Exercise directions: Copy out, word for word, the lines from the start of the data below through the line containing "游戏开始时可以选择自己的角色", and no others.
----
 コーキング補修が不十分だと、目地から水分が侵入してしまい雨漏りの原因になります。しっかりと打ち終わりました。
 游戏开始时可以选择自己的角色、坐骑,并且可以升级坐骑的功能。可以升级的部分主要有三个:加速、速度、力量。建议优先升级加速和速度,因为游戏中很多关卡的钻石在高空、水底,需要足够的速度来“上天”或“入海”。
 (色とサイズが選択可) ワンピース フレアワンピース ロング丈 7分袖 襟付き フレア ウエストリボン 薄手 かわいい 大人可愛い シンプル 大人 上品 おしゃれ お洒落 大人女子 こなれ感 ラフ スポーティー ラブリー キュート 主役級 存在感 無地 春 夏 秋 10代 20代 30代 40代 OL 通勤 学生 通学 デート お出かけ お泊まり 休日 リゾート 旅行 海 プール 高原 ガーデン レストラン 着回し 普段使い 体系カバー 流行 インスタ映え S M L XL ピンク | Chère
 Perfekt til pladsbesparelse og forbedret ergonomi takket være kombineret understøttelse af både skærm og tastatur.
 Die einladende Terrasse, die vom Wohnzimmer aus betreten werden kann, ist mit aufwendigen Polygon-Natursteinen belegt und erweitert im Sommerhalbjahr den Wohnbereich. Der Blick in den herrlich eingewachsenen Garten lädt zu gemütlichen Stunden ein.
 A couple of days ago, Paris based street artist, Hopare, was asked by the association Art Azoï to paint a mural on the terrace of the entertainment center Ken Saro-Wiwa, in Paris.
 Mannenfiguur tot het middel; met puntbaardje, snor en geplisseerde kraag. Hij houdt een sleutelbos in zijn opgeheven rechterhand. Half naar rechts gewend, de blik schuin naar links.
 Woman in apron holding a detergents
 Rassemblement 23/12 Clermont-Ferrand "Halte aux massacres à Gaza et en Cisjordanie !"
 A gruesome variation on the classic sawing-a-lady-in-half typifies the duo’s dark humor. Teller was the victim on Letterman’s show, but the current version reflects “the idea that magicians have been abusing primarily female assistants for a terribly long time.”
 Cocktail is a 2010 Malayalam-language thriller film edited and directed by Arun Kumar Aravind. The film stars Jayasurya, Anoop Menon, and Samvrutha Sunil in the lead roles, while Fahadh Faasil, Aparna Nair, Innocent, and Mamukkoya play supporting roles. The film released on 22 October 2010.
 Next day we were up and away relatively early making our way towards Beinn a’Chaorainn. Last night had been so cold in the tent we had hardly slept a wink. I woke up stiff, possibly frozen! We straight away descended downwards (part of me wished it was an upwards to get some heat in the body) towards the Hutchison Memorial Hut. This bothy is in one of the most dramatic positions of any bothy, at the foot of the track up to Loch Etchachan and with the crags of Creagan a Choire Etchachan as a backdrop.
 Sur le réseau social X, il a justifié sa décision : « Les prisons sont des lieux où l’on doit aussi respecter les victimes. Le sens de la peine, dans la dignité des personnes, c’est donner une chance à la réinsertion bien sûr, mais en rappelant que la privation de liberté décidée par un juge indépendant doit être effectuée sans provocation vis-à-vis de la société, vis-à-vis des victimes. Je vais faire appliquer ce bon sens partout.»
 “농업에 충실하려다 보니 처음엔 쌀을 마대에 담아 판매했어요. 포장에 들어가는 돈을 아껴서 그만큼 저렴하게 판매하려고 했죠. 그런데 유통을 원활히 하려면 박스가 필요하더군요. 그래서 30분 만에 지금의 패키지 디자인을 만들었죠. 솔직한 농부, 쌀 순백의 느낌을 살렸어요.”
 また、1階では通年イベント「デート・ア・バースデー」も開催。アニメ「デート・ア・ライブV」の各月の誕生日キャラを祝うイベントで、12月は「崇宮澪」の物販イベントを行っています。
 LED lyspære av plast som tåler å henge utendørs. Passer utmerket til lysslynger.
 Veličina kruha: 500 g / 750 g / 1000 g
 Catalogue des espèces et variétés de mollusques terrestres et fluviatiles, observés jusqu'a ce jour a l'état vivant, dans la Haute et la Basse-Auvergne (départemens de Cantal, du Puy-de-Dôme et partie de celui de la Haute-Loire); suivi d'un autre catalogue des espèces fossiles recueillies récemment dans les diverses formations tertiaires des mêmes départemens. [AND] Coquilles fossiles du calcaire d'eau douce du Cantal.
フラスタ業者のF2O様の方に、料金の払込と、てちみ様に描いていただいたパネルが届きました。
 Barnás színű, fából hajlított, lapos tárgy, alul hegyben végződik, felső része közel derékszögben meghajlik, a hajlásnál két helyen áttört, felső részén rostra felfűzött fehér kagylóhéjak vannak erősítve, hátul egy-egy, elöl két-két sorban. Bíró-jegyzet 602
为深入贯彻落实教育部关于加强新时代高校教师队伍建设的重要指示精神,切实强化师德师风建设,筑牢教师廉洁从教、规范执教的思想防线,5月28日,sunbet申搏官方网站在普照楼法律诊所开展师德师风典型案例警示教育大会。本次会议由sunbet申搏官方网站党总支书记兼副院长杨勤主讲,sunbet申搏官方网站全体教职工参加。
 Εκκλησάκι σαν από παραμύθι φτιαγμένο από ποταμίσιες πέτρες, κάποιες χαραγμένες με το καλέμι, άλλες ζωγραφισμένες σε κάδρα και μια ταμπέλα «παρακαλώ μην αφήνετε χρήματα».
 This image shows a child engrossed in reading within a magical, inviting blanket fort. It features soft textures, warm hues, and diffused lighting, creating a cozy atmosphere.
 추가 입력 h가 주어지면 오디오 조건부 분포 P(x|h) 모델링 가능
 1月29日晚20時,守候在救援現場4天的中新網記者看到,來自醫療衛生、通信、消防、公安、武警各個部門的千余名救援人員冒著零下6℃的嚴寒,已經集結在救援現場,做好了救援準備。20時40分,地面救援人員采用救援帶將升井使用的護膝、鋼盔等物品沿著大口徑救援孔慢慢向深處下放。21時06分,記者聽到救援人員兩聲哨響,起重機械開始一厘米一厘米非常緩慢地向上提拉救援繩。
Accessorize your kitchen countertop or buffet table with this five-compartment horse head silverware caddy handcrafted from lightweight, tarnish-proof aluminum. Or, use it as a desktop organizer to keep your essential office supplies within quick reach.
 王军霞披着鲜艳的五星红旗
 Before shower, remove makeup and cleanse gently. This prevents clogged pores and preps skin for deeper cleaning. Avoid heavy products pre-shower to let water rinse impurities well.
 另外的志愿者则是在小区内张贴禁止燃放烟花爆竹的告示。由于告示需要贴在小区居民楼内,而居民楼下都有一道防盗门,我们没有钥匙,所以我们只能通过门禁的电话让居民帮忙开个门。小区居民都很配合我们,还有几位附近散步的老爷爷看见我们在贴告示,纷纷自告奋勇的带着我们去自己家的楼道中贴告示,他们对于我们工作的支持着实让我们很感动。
----
Expected answer:
 コーキング補修が不十分だと、目地から水分が侵入してしまい雨漏りの原因になります。しっかりと打ち終わりました。
 游戏开始时可以选择自己的角色、坐骑,并且可以升级坐骑的功能。可以升级的部分主要有三个:加速、速度、力量。建议优先升级加速和速度,因为游戏中很多关卡的钻石在高空、水底,需要足够的速度来“上天”或“入海”。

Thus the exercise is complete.